On Friday afternoon, the House of Laity will hold an extraordinary sitting to debate a motion of No Confidence in its Chair, Philip Giddings. The debate has the potential to be deeply divisive, and put on display the most unchristian and unattractive qualities of vengefulness, animosity and contempt. I believe, however, that there is an opportunity to use the debate for constructive purposes – to lay the foundations of a dialogue which will lead to a solution of the wretched problem we face.
In an effort to help push the debate towards a productive and positive outcome, I have surveyed a number of Synod members, hoping to gauge the mood of the House of Laity.
Contrary to the fears of many, I predict a reasonably high turnout of between 75% and 79%. This is extremely positive because it means that the debate will not simply be between friends of Philip Giddings and those ‘out to depose’ him. Rather, we can reasonably say that we have come together as a whole house to discuss our future.
Understandably, many members are unwilling or unable to commit at this stage to which way they are likely to vote. However, of those prepared to indicate their ‘starting’ position, at most 46% are currently minded to support the motion. That means the proposers of the motion must think very carefully about how to achieve the support of a majority from the significant (but not very large) numbers currently undecided.
Perhaps most interesting are the comments of those who are keen to listen to the debate. There is a clear and strong distaste for recriminations or vengefulness. There is, however, a profound commitment to finding a way forward.
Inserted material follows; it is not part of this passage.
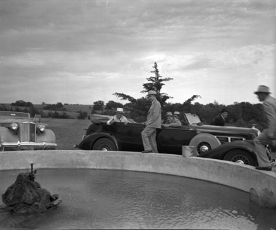 Franklin D. Roosevelt in car near fountain at Shady Oak farm with Amon G. Carter and others, 05/12/1937

The current stated positions by those proposing and opposing the motion of No Confidence focus on the speech made by Philip Giddings in the November debate. Having surveyed opinion, I believe this is a mistake – it will only pull us down into squabbling over well-worn disagreements. This may well account for its failure so far to find a supporting majority.
However, that is not to say there is no value in holding the debate and, crucially, the vote. The House is keen to move forward, and to find a solution. The role of Chair will be vital in finding that solution – bringing people around the table, supplying the imagination to find a new way forward, and then galvanising the whole house to support whatever comes out.
The question now must be: “Does Philip Giddings have our confidence to do that job?”
Speaking to members of the House of Laity, there is a strong feeling that, rightly or wrongly, we are ‘standing in the way’ and that it is our responsibility to do something about it. There is no doubt that the strength of reaction in the dioceses against our vote in November has been powerful. We will not be able to fix everything on Friday, or indeed very much at all, but from what I have heard members are very keen to take the first steps towards making amends.